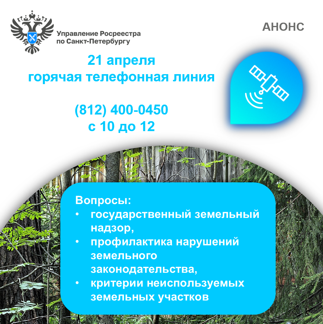 Управление Росреестра по Санкт-Петербургу проводит горячую телефонную линию по вопросам:
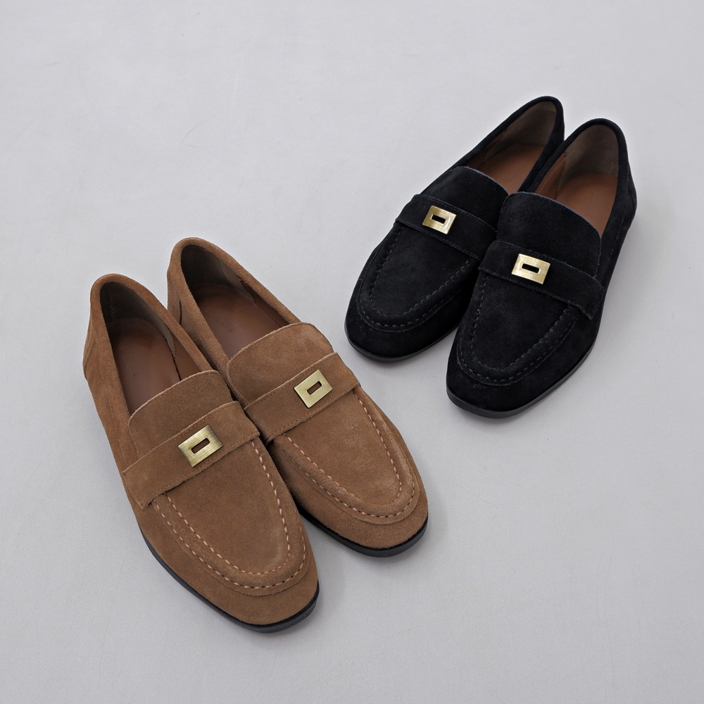 천연소가죽 스웨이드 브론즈 버클 로퍼 1.5CM
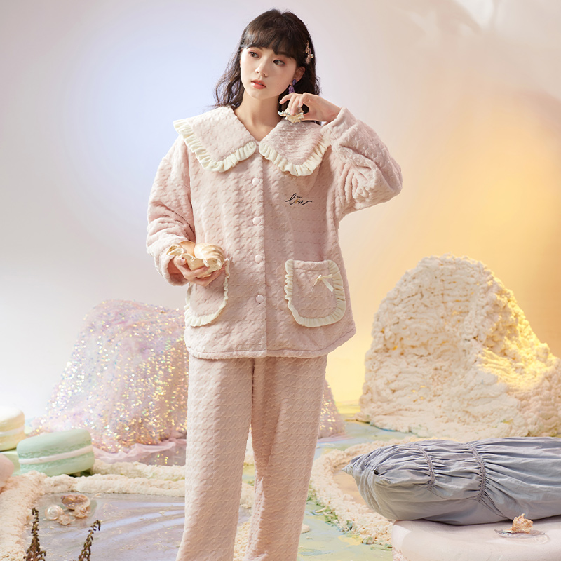 马克公主珊瑚绒睡衣女款冬季加绒加厚可爱公主风千鸟格冬天家居服
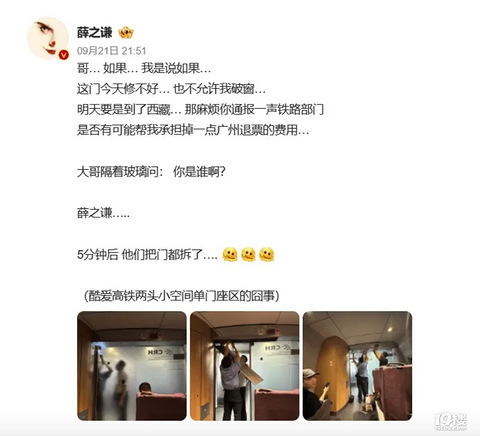 薛之谦再遇高铁囧事,被困单门坐区列车员硬核破门
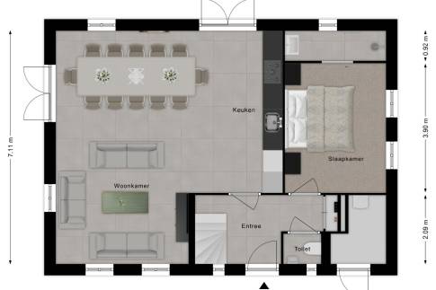 De centrale entree biedt toegang tot de toiletruimte, meterkast en trap naar de eerste verdieping.

· · · · ·

Would you reproduce, exactly and with nothing added, every line from the beginning of the entries above through the line that contains "薛之谦再遇高铁囧事,被困单门坐区列车员硬核破门", both included, leaving out the pictures?

Response area
 Управление Росреестра по Санкт-Петербургу проводит горячую телефонную линию по вопросам:
 천연소가죽 스웨이드 브론즈 버클 로퍼 1.5CM
 马克公主珊瑚绒睡衣女款冬季加绒加厚可爱公主风千鸟格冬天家居服
 薛之谦再遇高铁囧事,被困单门坐区列车员硬核破门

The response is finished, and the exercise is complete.